Но Эллиот, притворившись спящим, не ответил.
Эпилог
Осень в Чатем-Лодже всегда, при любых обстоятельствах, была самым прекрасным временем года. Ветерок доносил аромат поздних цветов и веселые голоса детей, играющих в саду на нижней террасе. Эванджелина, удобно расположившись в кресле, наблюдала за тем, как Зоя послала молоточком крокетный шар прямо в лодыжку Тео, правда, прикрытую ботинком, заставив его испустить нарочито громкий вопль, на который никто из игроков не обратил внимания.
Игра продолжалась с переменным успехом в течение нескольких часов, прерываясь лишь спорами, мелкими происшествиями и обильным завтраком на открытом воздухе, который мисс Крейн накрыла в розарии.
— Подумать только! — с манерной медлительностью произнес чей-то голос. — Какая шумная компания! Не рановато ли для такого бурного веселья?
— Эйдан! — воскликнула Эванджелина, вскакивая с кресла и целуя в щеку лорда Линдена, следом за которым, чуть отставая, шел, опираясь на трость с золотым набалдашником, Эллиот.
— Будьте осторожны, дорогая моя! — шепнул, как всегда элегантный, виконт. — Мне кажется, старый бедолага еще не знает о моих нежных чувствах к вам.
— Найди себе другой объект, старый распутник, — пробормотал Эллиот, с кряхтением опускаясь в кресло. С подчеркнутым отвращением он отбросил свою трость в траву. — Мне начинает надоедать, что вы с Уинтропом вечно таращите глаза на мою жену. Имейте совесть, ведь она ждет ребенка!
— Поделом ему будет, Линден, когда я растолстею по-настоящему! Тогда уж никто на меня не посмотрит. Кстати, где майор Уинтроп? Разве он не собирался приехать вместе с вами?
— Мэт просил извинить его, он получил известия из дома и вынужден был поехать туда, — сказал виконт, но Эванджелина заметила, что они с Эллиотом обменялись понимающими взглядами.

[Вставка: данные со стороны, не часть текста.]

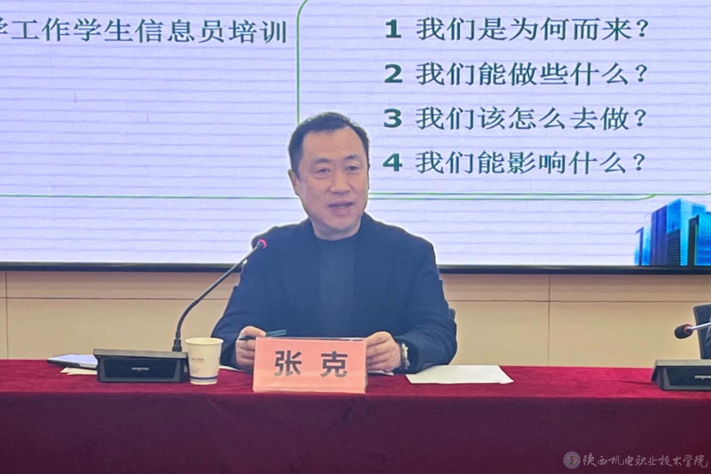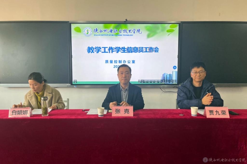 为进一步提升学校教育教学质量,加强内部质量保证体系建设,引导和培养学生信息员的工作能力和工作水平。今年会于11月19日和20日下午分别在宝福路校区和蟠龙校区召开了2024年度教学工作信息员会议。学校党委委员、副院长张克,教务处处长白娟娟,校团委书记、学生处副处长王枢,质量控制办公室主任贾九荣,以及200多名信息员参加了会议。会议由质量控制办公室教师宁静主持。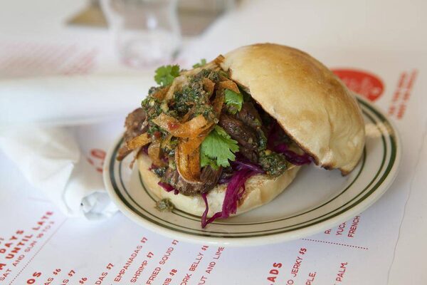 And the cooking – short ribs braised in Coca-Cola and beef stock, slathered with guava barbecue sauce; pork belly glazed with pineapple; superb medianoche sandwiches; a dangerously tasty house hot sauce – will likely impress anyone who's enamoured of well-made Caribbean food. (It is executed by chef de cuisine Leah Marshall Hannon, an alumna from Delux.)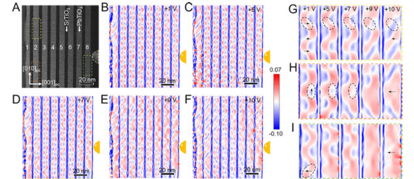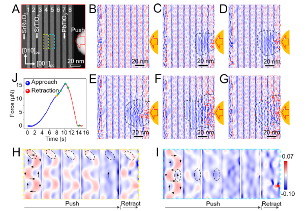 近年来,科学家先后在理论和实验上发现了铁电材料中可以形成尺寸低至几个纳米的极性拓扑结构,如通量闭合畴、涡旋畴和斯格明子等。极性拓扑畴结构具有拓扑保护性、尺寸小等优势,这引起探索新一代非易失性超高密度信息存储器件的兴趣。实际器件操作大多是基于外场对结构单元极化态和拓扑相变的调控,研究单个铁电畴结构的极化分布以及外场操控下拓扑相变动力学过程是器件应用的基础。极性拓扑结构的形成是体系中弹性能、静电能和梯度能之间在微小差别内相互竞争平衡的结果,实现局域外场对微区结构的精确调控以及相变过程的精细表征是一种挑战。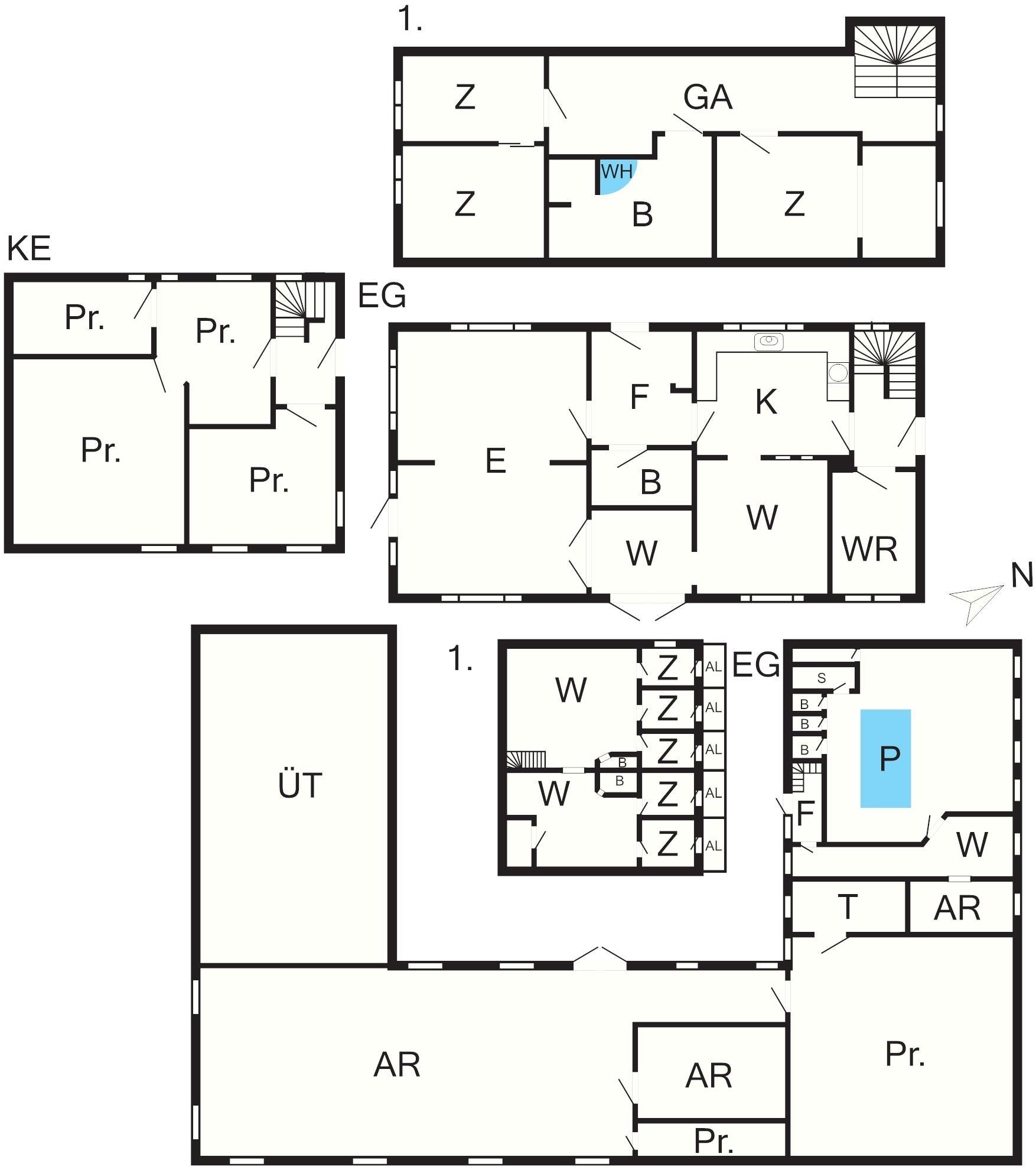 Im ersten Stock befinden sich zwei große Schlafzimmer mit je einem Doppelbett und zwei Einzelbetten, ein Flur und ein Badezimmer mit Doppelwhirlpool, Dusche, Duschkabine und Toilette. Im zweiten Gebäude befinden sich der Poolbereich, die Sauna, der Bad-/Duschbereich und das Aktivitätszentrum.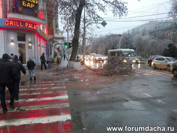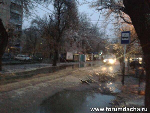 В Краснодаре ад с утра, все во льду, деревья, дороги, провода. Трамваи-троллейбусы не ходят, не знаю, везде ли
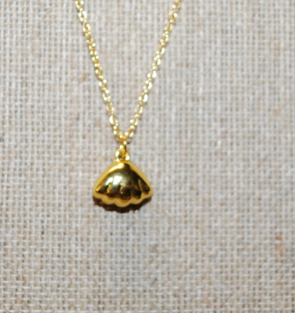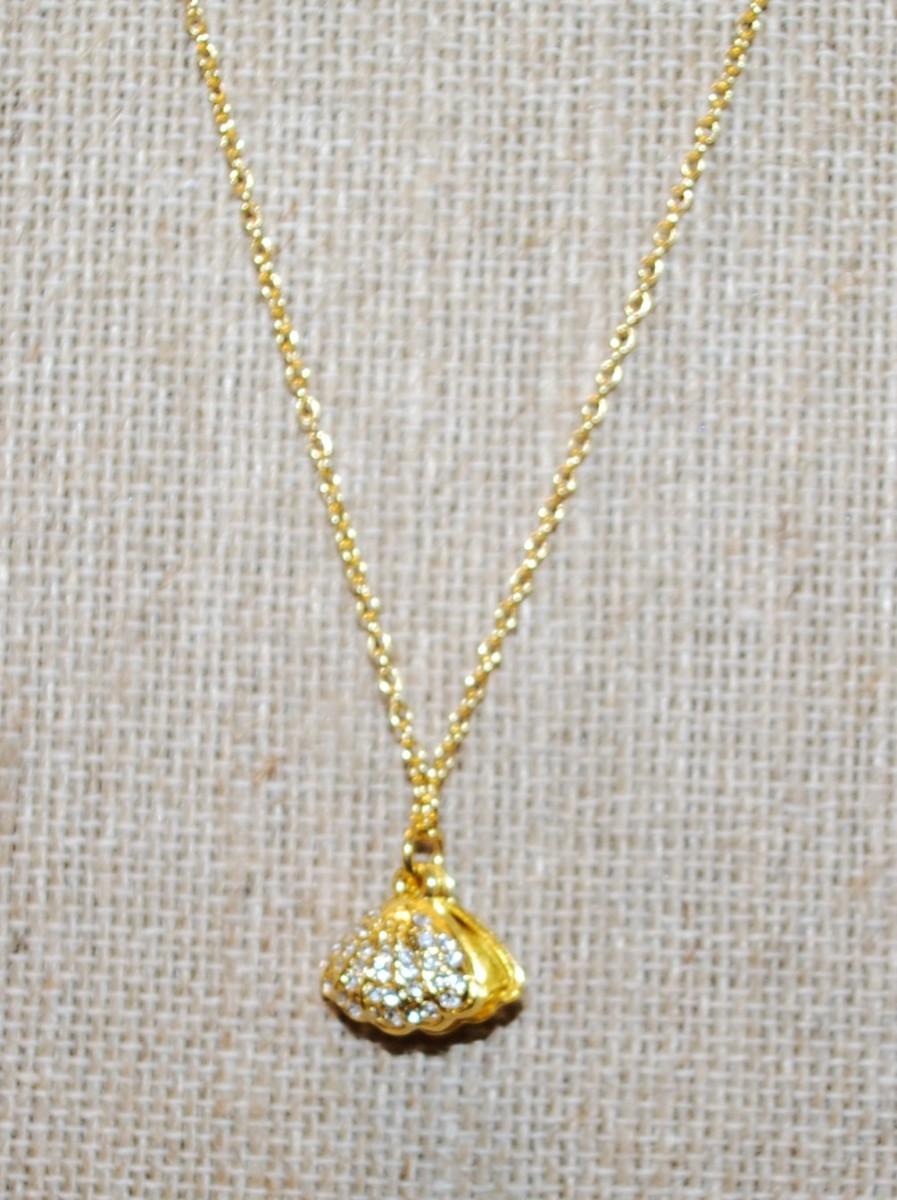 "Shell & Pearl" PENDANT (¼" x ¼") on a Gold Tone Necklace Chain Marked .925 18" L

— В Корнуолл? — переспросил Эллиот. — Что-нибудь произошло в семье?
— Вроде того. Но я приехал не затем, чтобы обсуждать проблемы Мэта, а чтобы поговорить о твоих делах, старина.
— В таком случае твой визит будет очень коротким, потому что у меня нет проблем, — бодрым голосом ответил Эллиот. — Разве не может раненый уехать на поправку в свой загородный дом? Тем более что у меня осталась всего одна неделя до приезда матушки из Шотландии, а там уж покоя не жди.
— Ошибаешься, дорогой. Она приедет, чтобы установить мир, — поправила его Эванджелина. — Разве не помнишь, что вы оба договорились забыть о разногласиях ради будущего наследника?
Линден улыбнулся, вынул табакерку и привычным изящным движением открыл ее.
— Отложим на время семейные проблемы. Послушайте лучше меня: мне удалось установить личность загадочной миссис Притчет, которая приходила к Эванджелине!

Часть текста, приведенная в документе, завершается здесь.